Historischer Stadtkern Warburg

Stadtgeschichte

Der "Grote Breff" von 1436 besiegelt die Vereinigung von Neu- und Altstadt von Warburg. Bis dahin existierten unabhängig voneinander zwei Städte, die beide 1364 der Hanse beitreten. Die Altstadt um die Warburg datiert aus dem 11. Jahrhundert, während Bischof Bernhard IV. von Paderborn auf dem strategisch günstig gelegenen Bergkamm die Neustadt gründet.
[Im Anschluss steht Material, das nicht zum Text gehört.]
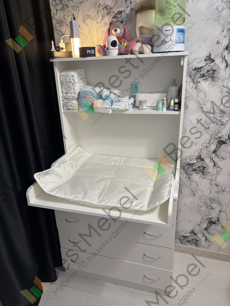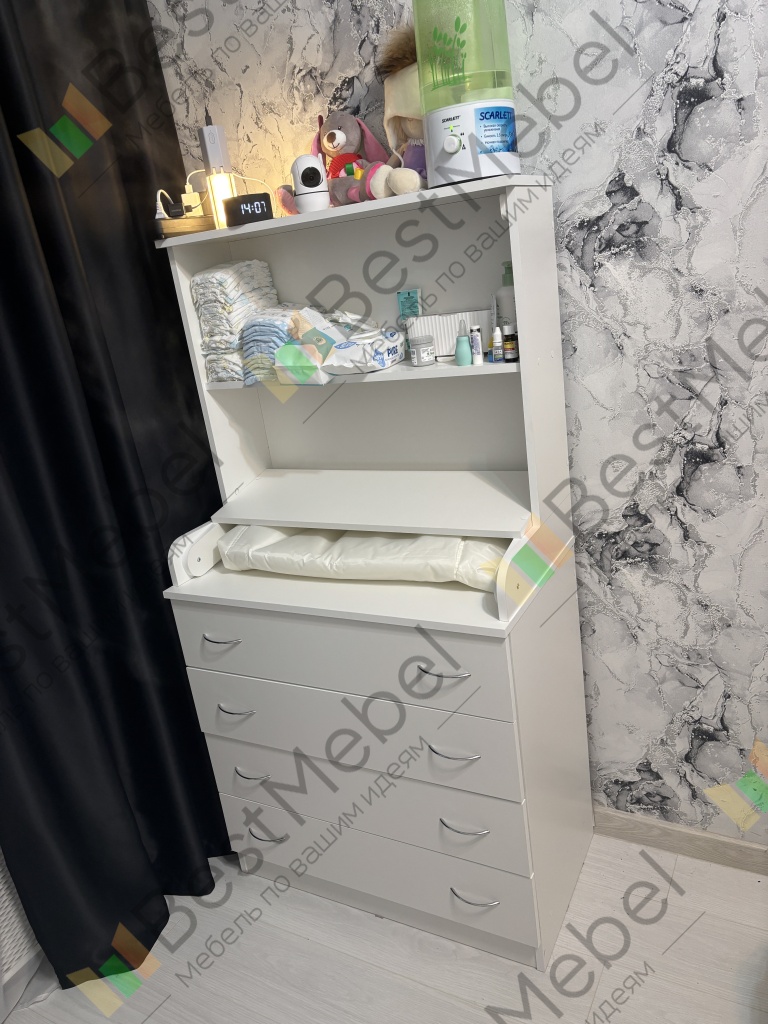 Супер удобный пеленальный комод, качество хорошее, заказала по индивидуальным размерам, пришел очень быстро, полки очень удобны, не знаю без них куда бы распределились нужные с малышом вещи, которые должны быть под рукой.Полки хорошо открываются, туда складываем одежду.

Die Doppelstadt-Struktur findet sich noch im heutigen Stadtbild wieder. In der Diemelniederung, der Keimzelle von Warburg, schmiegt sich überragt von der Pfarrkirche "Ad visitationem beatae Mariae virgnis" die Altstadt an den Berg. Darüber, auf dem Bergkamm die Neustadt mit dem ehemaligen Dominkanerkloster, die Pfarrkirche "Sankt Maria in vinea" und das gemeinsame Rathaus von 1568 "Zwischen den Städten". Sichtbares Zeugnis der ehemals starken Befestigungsanlage mit 13 Stadttoren ist der Sackturm am östlichen Rand der historischen Altstadt. Das inschriftlich älteste Fachwerkhaus Westfalens steht ebenfalls in Warburg: Das Haus Eckmänneken" ist 1471 erbaut worden.